(RECORDS SHOWN)

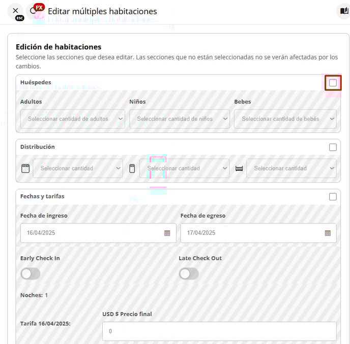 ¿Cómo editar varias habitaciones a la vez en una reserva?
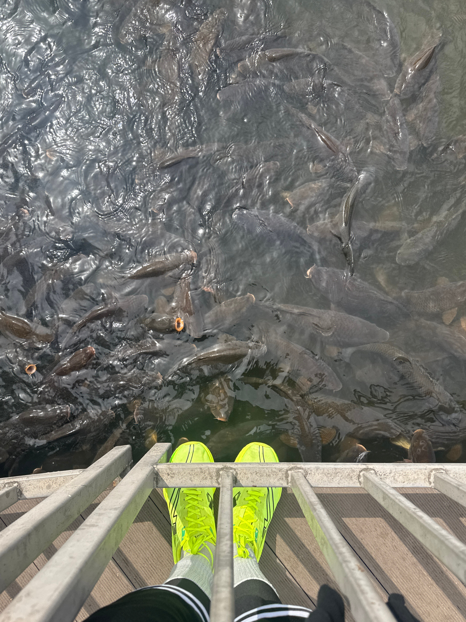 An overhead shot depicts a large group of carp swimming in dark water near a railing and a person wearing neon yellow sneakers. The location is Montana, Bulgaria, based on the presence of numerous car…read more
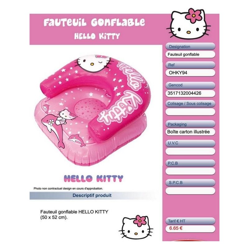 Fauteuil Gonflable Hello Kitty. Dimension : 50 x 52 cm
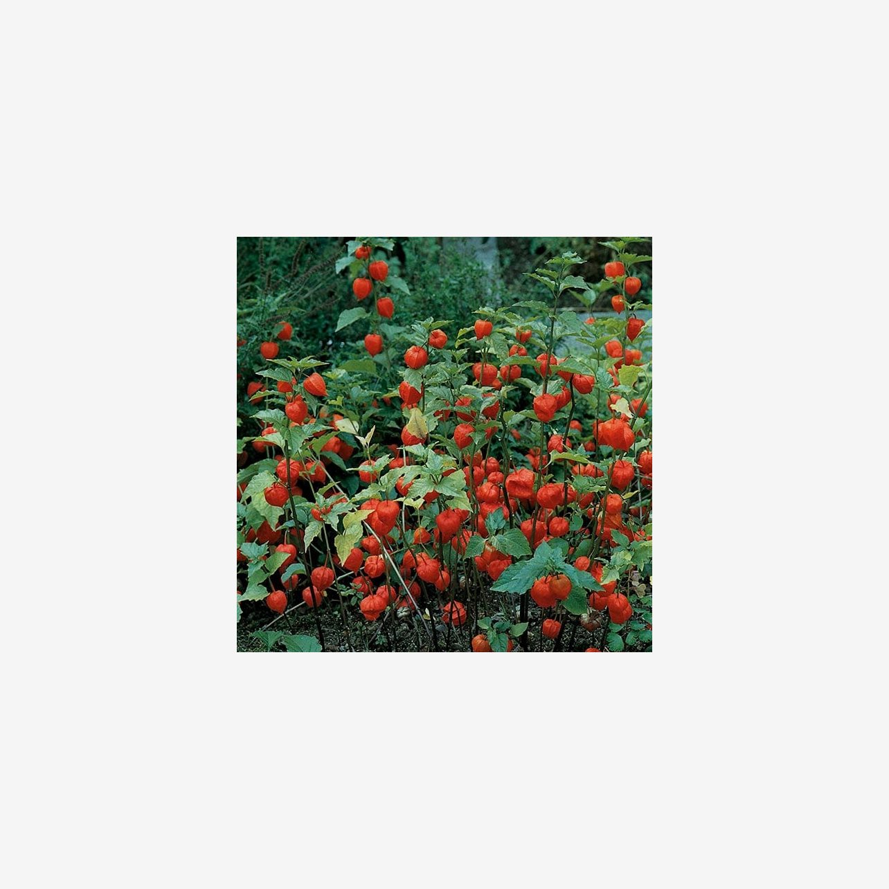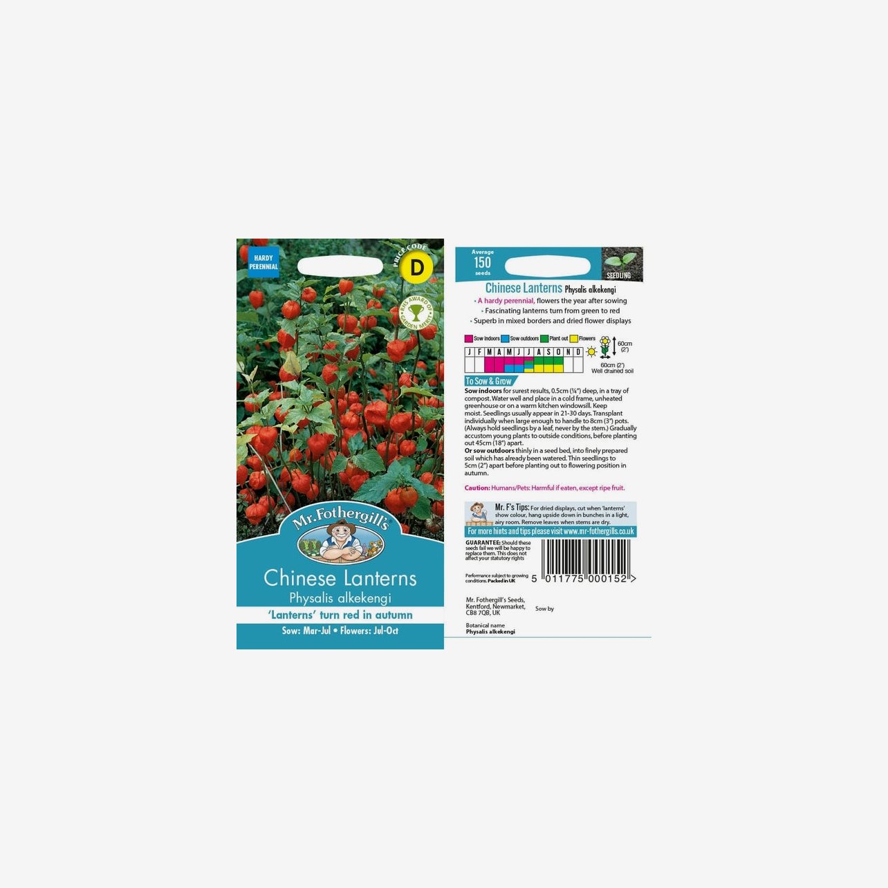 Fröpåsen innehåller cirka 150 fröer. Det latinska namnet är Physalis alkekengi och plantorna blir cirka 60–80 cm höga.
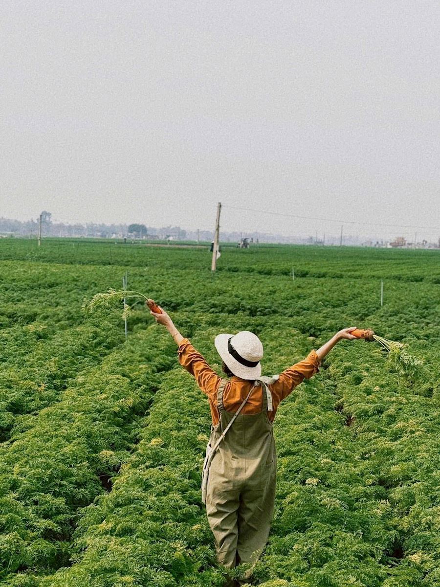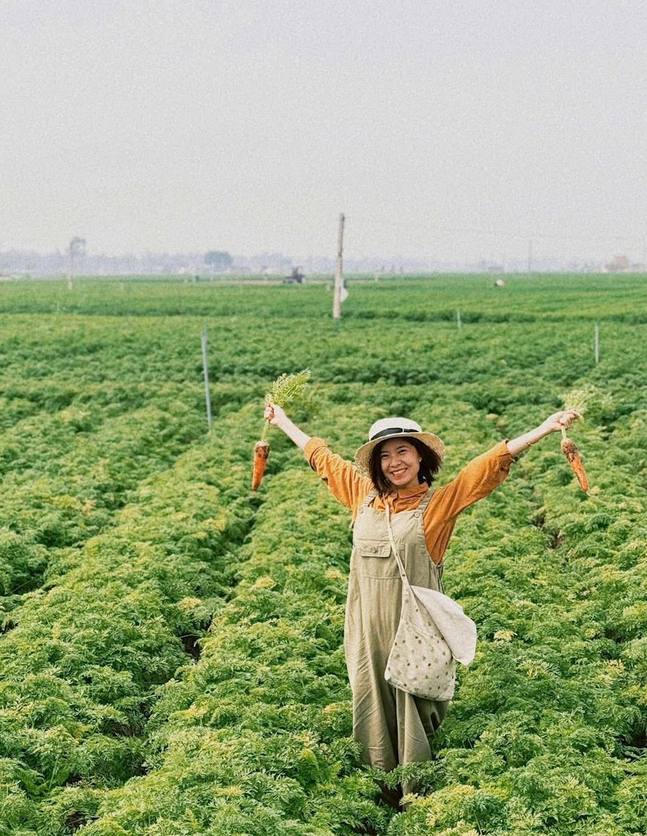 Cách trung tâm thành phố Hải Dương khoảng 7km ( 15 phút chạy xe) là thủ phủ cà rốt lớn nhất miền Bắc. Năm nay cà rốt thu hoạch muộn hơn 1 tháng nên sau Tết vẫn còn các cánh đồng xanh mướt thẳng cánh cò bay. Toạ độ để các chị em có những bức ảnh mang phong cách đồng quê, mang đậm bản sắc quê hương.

(End RECORDS SHOWN)

Retype the line containing "Fröpåsen innehåller cirka" and each line after it through the last line of the entries above, exactly, with no pictures and nothing else.

 Fröpåsen innehåller cirka 150 fröer. Det latinska namnet är Physalis alkekengi och plantorna blir cirka 60–80 cm höga.
 Cách trung tâm thành phố Hải Dương khoảng 7km ( 15 phút chạy xe) là thủ phủ cà rốt lớn nhất miền Bắc. Năm nay cà rốt thu hoạch muộn hơn 1 tháng nên sau Tết vẫn còn các cánh đồng xanh mướt thẳng cánh cò bay. Toạ độ để các chị em có những bức ảnh mang phong cách đồng quê, mang đậm bản sắc quê hương.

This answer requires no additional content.